Small Wins
- Renee Damskey
- Sep 8, 2023
- 3 min read
I have such mixed emotions about celebrating any bit of positivity that occurs in this journey. Part of me feels like none of the "milestones" are worthy of being excited or hopeful about because it can all go south at a moments notice. There are so many steps that need to be met before I bring my baby home, so part of me is trying to protect itself. If I don't feel joy at good news, I don't have as far to fall when the bad news comes, right? I tried really hard to celebrate the small wins that occurred during my second stims cycle (stimulating ovaries to make eggs).
This cycle started off better than the first. While I had a few cysts again, there were not producing estrogen so I was cleared to start. With having only one follicle and one egg last time, my expectations were low. By the grace of God, my numbers were much better! The new mix of medications helped me grow 11 follicles! Some were suspected to be cysts and a couple were too small, but there were still more chances for success.
Of the 11 follicles, the doctor retrieved 6 eggs! My initial response was slight disappointment because I wanted more, but after some time passed, and perhaps the anesthesia wore off a bit more, I felt some hope. I tried to be happy and take the win. However the next day, the embryologist called and said only 2 eggs properly fertilized. That seemed like a huge drop! Last time we only had one embryo and it didn't survive. Now we had just one more than the previous time, so the odds of success seemed not a whole lot better. My husband, family, and friends were all happy. They said, "2 is better than 1!" I tried to receive and internalize that viewpoint. Part of me let it. That other part was still cautious.

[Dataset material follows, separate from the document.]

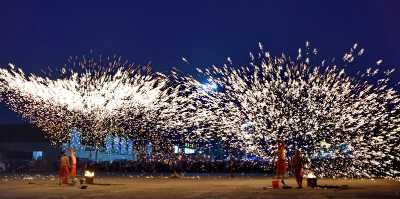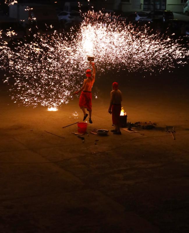 2020年6月7日晚8時(shí)許,吉林長(zhǎng)春青岡立交橋附近,神韻打鐵花表演隊(duì)改進(jìn)了傳統(tǒng)單一的擊打鐵花的形式,增添了空中轉(zhuǎn)花、高空散花、鋪地印花等多種花型。一柱鐵花沖天,在空中盤旋,朵朵銀花綻放給觀眾帶來(lái)了震撼的視覺享受。

The next few days were filled with a lot of anxiety and tears. My husband did what he could to make his positivity contagious and I did what I could to at least pretend that I felt somewhat positive too. On the 5th day after the retrieval, the nurse called with an update about our embryos. She shared that the two embryos reached the "blast" stage and have been biopsied and frozen. I immediately broke into tears. We were 2 for 2!!! I was not expecting that news at all. I ran to tell Michael and he panicked because all he saw was his wife sobbing. I had to give him a thumbs up amongst the tears to try to communicate to him the good news. Naturally, he made a snide comment about how "he told me so" and I was so happy that I resisted punching him.
This might not be the "final big win" of bringing our baby home, but it is a big step on our way there. We still need to wait about 2 weeks for the genetic results. After that, assuming at least one embryo will be genetically normal, we approach the whole transfer process and, hopefully, 8 to 9 months of pregnancy. Yes, there is a LONG way to go, but this small win at least gives us a chance at getting there.